Supplied entries:
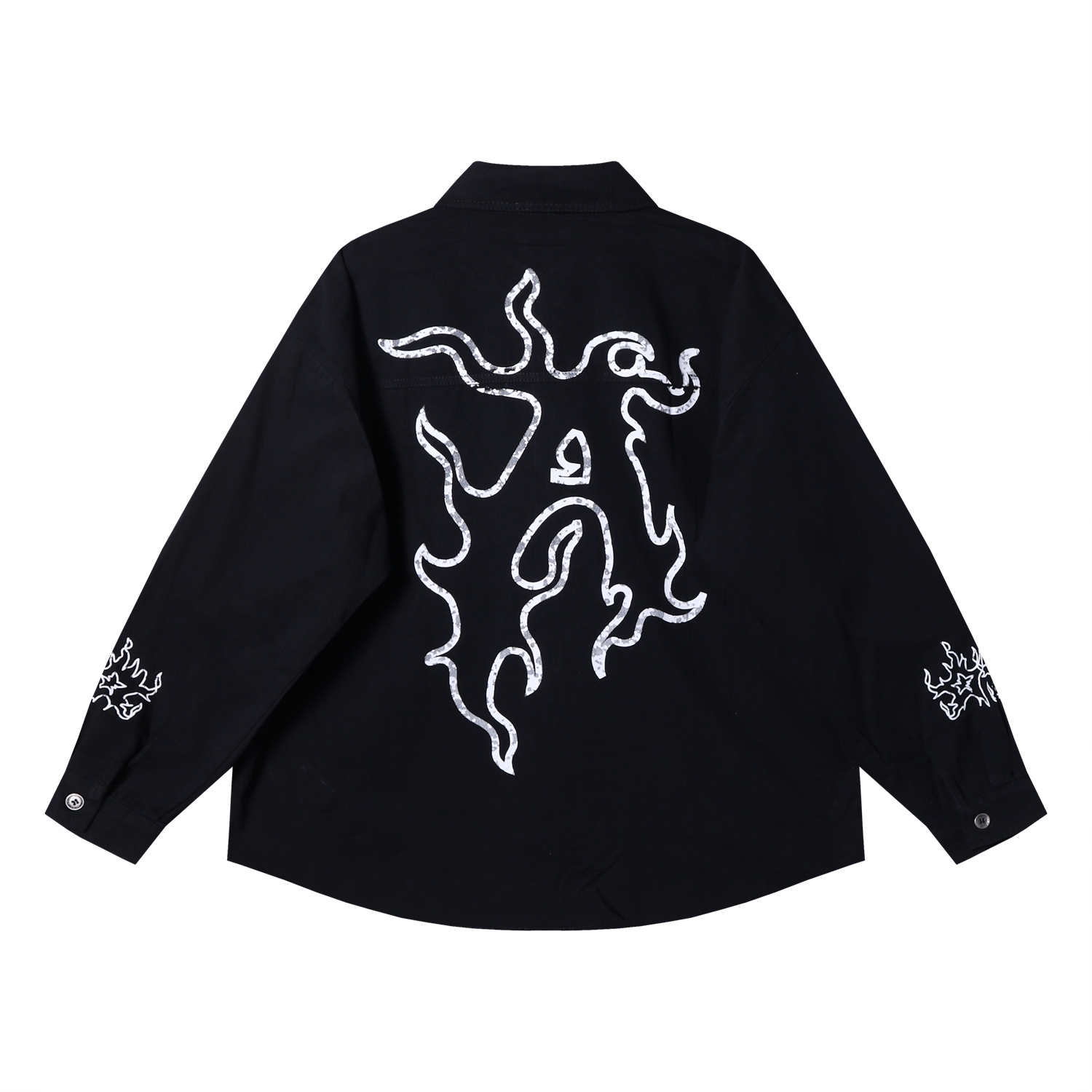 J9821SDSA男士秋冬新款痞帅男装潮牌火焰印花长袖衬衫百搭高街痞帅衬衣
==
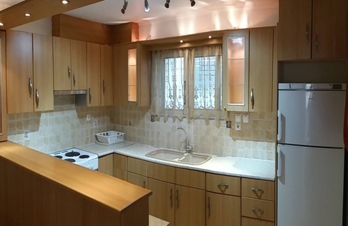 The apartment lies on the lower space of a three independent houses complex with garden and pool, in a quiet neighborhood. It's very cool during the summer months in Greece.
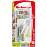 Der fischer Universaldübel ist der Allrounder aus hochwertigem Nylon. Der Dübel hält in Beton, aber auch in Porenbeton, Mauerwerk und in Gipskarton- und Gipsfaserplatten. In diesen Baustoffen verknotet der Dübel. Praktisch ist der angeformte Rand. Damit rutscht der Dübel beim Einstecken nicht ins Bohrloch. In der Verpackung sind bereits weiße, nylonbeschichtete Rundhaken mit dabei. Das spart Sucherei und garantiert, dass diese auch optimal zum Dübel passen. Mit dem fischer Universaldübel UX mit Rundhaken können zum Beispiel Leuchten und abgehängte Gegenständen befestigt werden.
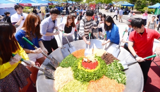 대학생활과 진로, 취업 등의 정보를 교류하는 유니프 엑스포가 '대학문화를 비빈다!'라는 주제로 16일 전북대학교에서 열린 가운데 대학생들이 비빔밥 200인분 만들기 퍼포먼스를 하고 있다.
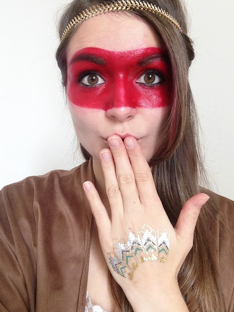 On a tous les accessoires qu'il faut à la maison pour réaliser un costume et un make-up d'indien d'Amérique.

Your objective: Please output the lines above beginning at the line with "Der fischer Universaldübel" and ending after the line with "On a tous les", precisely as written and with no pictures.

The answer:
 Der fischer Universaldübel ist der Allrounder aus hochwertigem Nylon. Der Dübel hält in Beton, aber auch in Porenbeton, Mauerwerk und in Gipskarton- und Gipsfaserplatten. In diesen Baustoffen verknotet der Dübel. Praktisch ist der angeformte Rand. Damit rutscht der Dübel beim Einstecken nicht ins Bohrloch. In der Verpackung sind bereits weiße, nylonbeschichtete Rundhaken mit dabei. Das spart Sucherei und garantiert, dass diese auch optimal zum Dübel passen. Mit dem fischer Universaldübel UX mit Rundhaken können zum Beispiel Leuchten und abgehängte Gegenständen befestigt werden.
 대학생활과 진로, 취업 등의 정보를 교류하는 유니프 엑스포가 '대학문화를 비빈다!'라는 주제로 16일 전북대학교에서 열린 가운데 대학생들이 비빔밥 200인분 만들기 퍼포먼스를 하고 있다.
 On a tous les accessoires qu'il faut à la maison pour réaliser un costume et un make-up d'indien d'Amérique.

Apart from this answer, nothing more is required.